Trust Me

1:30 PM

"Can't Touch This" by Rachael Ibanez

Lately, my days have been more peaceful. My "buttons" get pushed less frequently, and at least some of the time, I am able to claim the space between what happens...and my reaction to what happens. This space is a gift, miraculous, offering the opportunity for me to make choices without slipping on the ice of reactivity, clinging instead to the shore of  just-do-the-next-right-thing.

As I string together my beaded chain of aha-moments, I am aware of progress. There are certainly a few more bricks mortared into the foundation of the life I hope to have lived before I’m through, but my experience of that foundation has limits. I still have days when I seem to fall through the center of the Earth and find myself spinning and sinking into an ancient, manufactured reality that only exists in my memory, a memory that is mewed more to subjective perceptions than objective truth. In other words, some days, I forget what’s real, and tumble into old ruts rooted in anxiety.

When I was little, I remember singing the song “Trust and Obey” in church; for me, the song seemed to have a sort of ominous subtext. In my experience, the emphasis settled on OBEY, while TRUST had little substance or meaning. And very little comfort.

 We learn about fear when we’re little. We learn it from the things people say and, also, from the things they do. More so, we learn from the way it feels to be in the presence of others.

Our parents take the brunt of it as we observe them more than anyone else. My parents were and are, wonderful loving parents. They were also chronically human. Even though I knew my father liked me, loved me, and would always care for me, his occasional anger when challenged scared me causing me to re-calibrate the trust I had in my own perspective. My mother, lovely and loving, managed four little girls with tenacity and a magical sense of order, but her own inner current of anxiety left me wondering, where’s the fire?

 And my concept of God confused me, too.

When I was younger, the god-of-my-understanding seemed to talk out of both sides of his mouth claiming comfort and forgiveness and unconditional love on one side while, according to biblical tradition, threatening and carrying out mass destruction of those who didn’t submit to His will. He also seemed impotent in regard to the suffering of his creation, refusing even to intervene in the death of his own son on the cross. If the Father stood by while Jesus was tortured and killed, how could I trust that he would intervene on behalf of my little interests? And more significantly, why did Jesus seem to accept his fate with so little argument?

It's almost as if he chose to put more emphasis on the life he was living than the way he would pass from one life to the next...

I have mostly made peace with these questions without necessarily resolving them, and I think this trade is a real bargain. I admit that I don’t understand all of the truths woven into the stories, and I accept that it’s more important to trust than to know. At the crux of the issue, however, has been this nagging and unnerving inability to trust myself.

When we arrive here on Earth, the fine print hidden in our agreement includes this isolating truth: I will be required to figure things out for myself, on my own. People I love and lean on will offer input, and they will have strong opinions, but at the end of the day, it’s completely up to me to choose how I will spend my time and resources on the planet. I will have to choose who and what I listen to, as well as who and what I believe. I will be hurt, and I will hurt others unintentionally. This is what freedom looks like.

Second-guessing my intuition, a less-than-productive pattern that has hamstrung my ability to move through the process of making decisions, has plagued my capacity to move forward since I was small. A classic codependent, I learned the art of imagining how others may respond to any move I make, causing me to freeze even when action was acutely necessary.
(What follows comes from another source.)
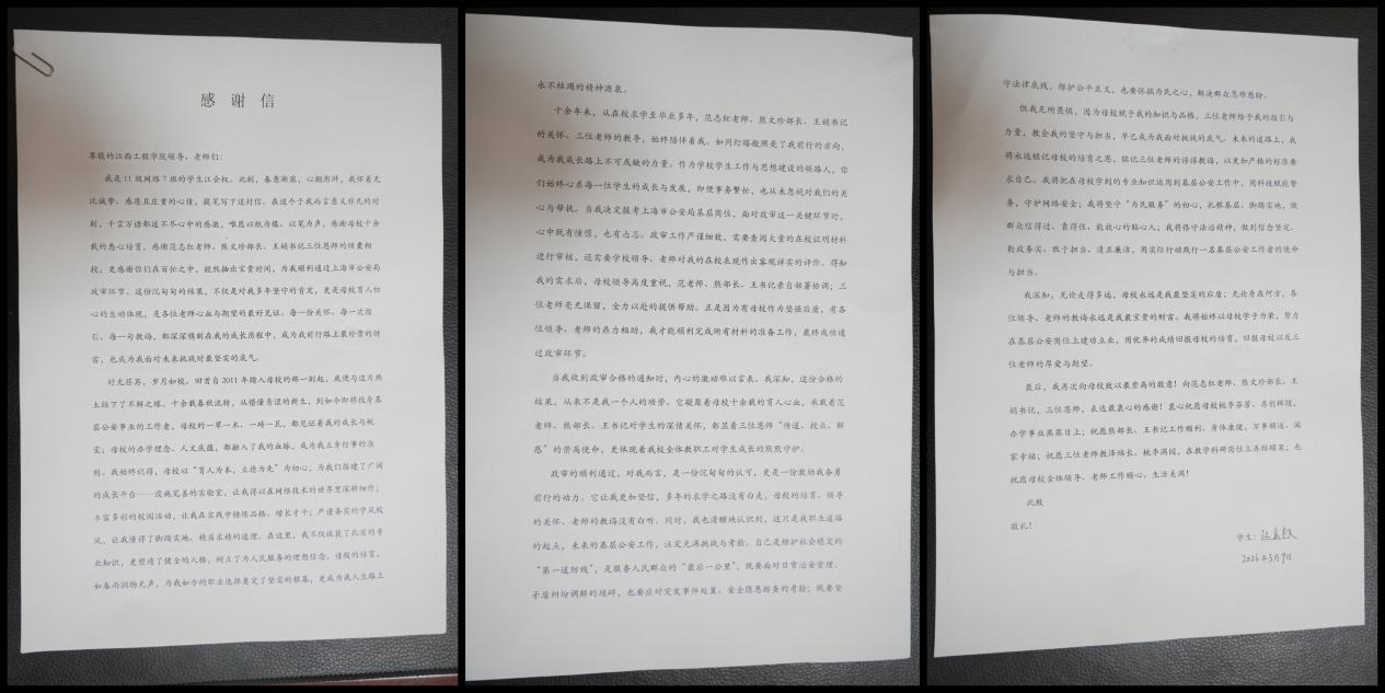近日,江西工程學(xué)院2011級計算機(jī)網(wǎng)絡(luò)技術(shù)專業(yè)學(xué)子江會權(quán)順利通過上海市公安局政審環(huán)節(jié),成功入職上海市公安局監(jiān)管總隊(duì),在基層公安事業(yè)的道路上開啟全新征程。喜訊傳來,江會權(quán)滿懷感恩之情寫下感謝信,向母校江西工程學(xué)院及范志紅老師、熊文珍部長、王娟書記致以最誠摯的謝意,細(xì)數(shù)母校培育之恩與恩師幫扶之情。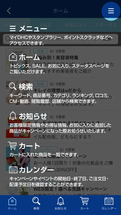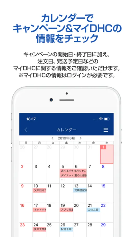 ・カレンダー機能でキャンペーンやイベントの開始日/終了日、クーポン有効期限、マイDHCの情報を一覧で見ることができます。

I can’t say this trait has been useful. Decisions, and the consequences that follow, are a powerfully organic force of life, and it’s torment to live at odds with our choices. What ifs burden my thinking, and it hasn’t gotten better as I age; it mostly ebbs and flows.

So, although these issues have stalked me all the way to my 59th year, I have declared my 60th year will be the year I shed the automatic anxiety I have carried all of my life, and learn what it really means to trust.

I called my friend a few days ago, drowning in unbearable crushing worry. I made a good case for it, for the sense that something bad was about to happen, and worse, that I was responsible. I had strong rationale for my own guilt in the situation; this is always the greatest hurdle.

After first asking if apologies for past offenses had been offered, he patiently reminded me that I could use the tools, the only tools, that could start to level the ground under my feet: awareness, and contrary action. In other words, pay attention, and when I experience an emotional trigger, do something entirely different than I normally would in response.

First, I can become more aware when my chest is tightening, and my breathing becomes more shallow. At moments when this is going on in my body, my mind is usually racing around in circles, too, so I want to notice any familiar patterns there. Then, I can do something different from my habitual pattern. Avoid the rut, and go another direction. Go on a walk, write about it, help someone who needs a hand.

 Maybe, I can’t “know,” but I can believe that I am loved and led, and that it’s going to be all right.

 This is the choice. This is the path.